The use of artificial intelligence in software development is no longer experimental. It is practical and measurable. The following practices ensure that AI works as an accelerator instead of a liability.
Test Core Features Rigorously
AI models often generate code that appears correct but fails at runtime. Automated testing of core features is not optional. Configure tests to run by default and instruct the model not to mock functionality unless specifically requested.
Plan Before Generating Code
Structured design reduces error rates. Define requirements and workflows before involving an AI model. Unplanned prompting produces fragmented solutions that are harder to integrate.
Use Configuration Files
Most AI systems allow configuration that controls behavior. Establish config files to enforce consistent style, dependencies, and coding patterns. This reduces variance across outputs and saves time on cleanup.
Prompt Design with Precision
Prompts must be clear and explicit. ADEPT-style prompts (Action, Details, Examples, Parameters, Task) guide models toward reliable output. Vague instructions lead to unpredictable code.
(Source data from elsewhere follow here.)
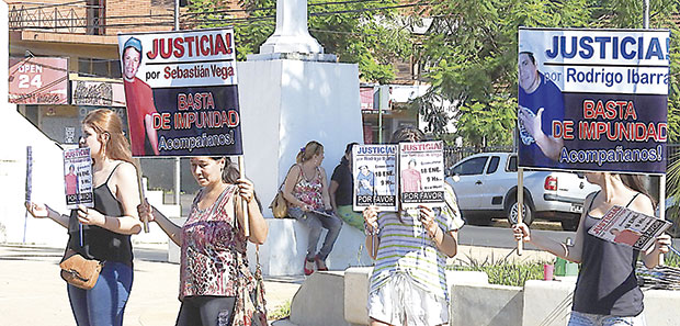 Poco después de las 9 de la mañana del lunes, un grupo de personas se congregó en el mástil de la avenida Mitre e inició la marcha pacífica para pedir el esclarecimiento del doble homicidio de Sebastián Vega (35) y Rodrigo Ibarra (27), acribillados a balazos el 17 de diciembre en la chacra 97.La convocatoria a dicha marcha inició dos semanas atrás, pero el número de presentes no superó las diez personas. “Vinieron muy pocos, más allá de que nosotros convocamos a muchas amistades. Sin embargo, varios se comunicaron y nos dijeron que tienen miedo, saben que el asesino sigue suelto. Incluso familiares nuestros no quisieron venir, tienen temor. Nos dijeron que nos apoyan pero tienen hijos y no se pueden exponer. Y si el asesino sigue suelto les van a ver la cara y creen que nos van a mandar a matar a todos”, explicó Bárbara Vega, mientras sostenía un afiche donde se veía el rostro de su hermano y resaltaba una frase: “Justicia”. “Pero yo estoy segura de algo: No tengo miedo. Pienso hacer carteles y seguir marchando pidiendo justicia”, aseguró. Cuando el reloj marcó las 9.25, en silencio los carteles se elevaron. Los rostros de las víctimas resaltaban en los panfletos de fondo blanco. Los presentes caminaron por avenida Mitre rumbo al Juzgado de Instrucción Penal III de calle Santa Fe casi Rivadavia, donde fueron atendidas por el Magistrado Fernando Verón. En diálogo con PRIMERA EDICIÓN, Carmen, madre de Sebastián Vega, indicó que solicitó al magistrado los avances de la investigación y los resultados de la autopsia. “Todavía no sé cuántos tiros recibió mi hijo. Quiero saber cómo murió Seba. Quiero respuestas, quiero saber a qué hora murió”.Bárbara fue más directa y señaló “la Justicia no nos dio los datos que tranquilicen a mi familia por lo que vamos a poner un abogado querellante. No nos dan esperanzas, dicen que no tienen pruebas y que es un ajuste de cuentas”.Un testimonio clave y una fotoBárbara señaló que en la causa por el doble homicidio no se tuvo en cuenta un testimonio que a su criterio, considera clave. Se trata de un menor quien manifestó que días antes del crimen, el supuesto autor intelectual del hecho lo contactó para consultarle sobre los lugares que frecuentaba una de las víctimas. “Hay un testimonio que no fue tomado, es una persona que cuenta todo lo que le preguntó el asesino días antes de que maten a mi hermano estoy esperando que lo citen. Esa persona sabía dónde estaba mi hermano por las preguntas que le hizo”, sentenció la joven. La hermana de Sebastián Vega, también aseguró que cuenta con una fotografía del rostro de uno de los supuestos sicarios que participaron en el doble homicidio. Contó a PRIMERA EDICIÓN, que la imagen la recibió desde un grupo de Facebook. “Me mandaron fotos de uno de los sicarios. En ese mismo grupo hay gente que me asegura que la Policía Federal está involucrada, la información la recibí en un mensaje sin nombre ni apellido desde el Facebook”.En febrero, nueva marchaEl miércoles 17 de febrero la familia Vega volverá a realizar una marcha. Esta vez marcaron un punto de encuentro distinto “vamos a reunirnos frente a la casa del hombre que denunciamos como el autor intelectual de los asesinatos, es decir, en avenida General Roca y Mutinelli. Desde ese lugar marcharemos hasta el juzgado”, adelantó Bárbara. Y pidió “que aquellas familias con casos similares nos acompañen, se unan a nuestra lucha y marchemos por justicia. Les pido que se sumen, así todos tenemos una respuesta y nuestros familiares al fin descansarán en paz”. Para la próxima marcha tiene pensado además salir con afiches que lleven el rostro del asesino “si no encuentro la justicia que pido, porque aporté datos, realizaré carteles, esta vez con la cara del asesino de mi hermano y de Rodrigo”.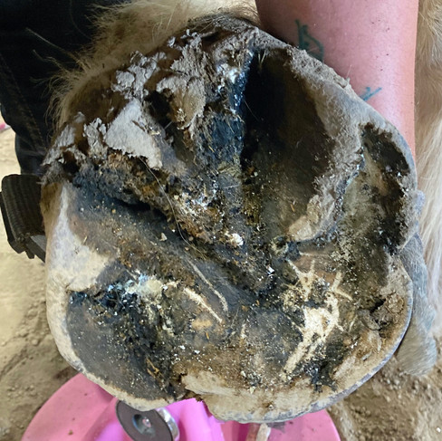 So what happens now if the thrush has reached that sensitive frog? We take strides to get it taken care of and make sure measurements have been put in place to keep it from happening again. There are many different products out there that say it's effective in treating thrush, but not all products actually follow through. Some products I have found to be successful at treating thrush can be found in the recommendations page of my website. What I have found the most effective of getting thrush under control and the horse sound is balancing the minerals in their diet especially copper and zinc.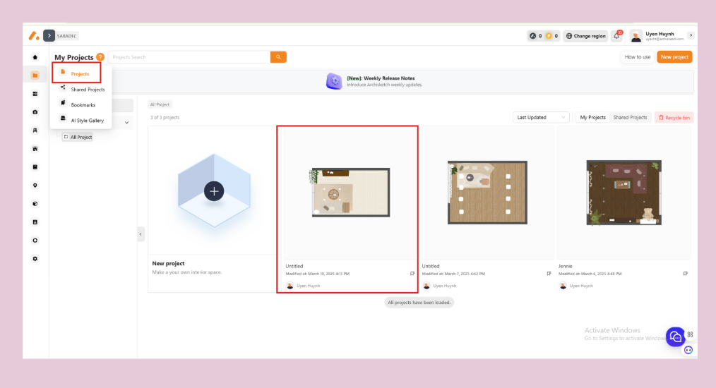 Create a project using Archisketch and upload it as a [portfolio]. *There is no limit on the number of projects.

Generate and Review with AI
AI is eager to code but weak at catching mistakes. A second pass with a review-focused prompt reduces oversight errors. Use the same model for generation and review, but phrase the review prompt as a critical analysis rather than another coding task.
Match Model to Task
Different models specialize in different workloads. Use lightweight models for boilerplate generation, but reserve advanced models for tasks involving system design or critical business logic. Aligning model choice with task complexity reduces cost and improves accuracy.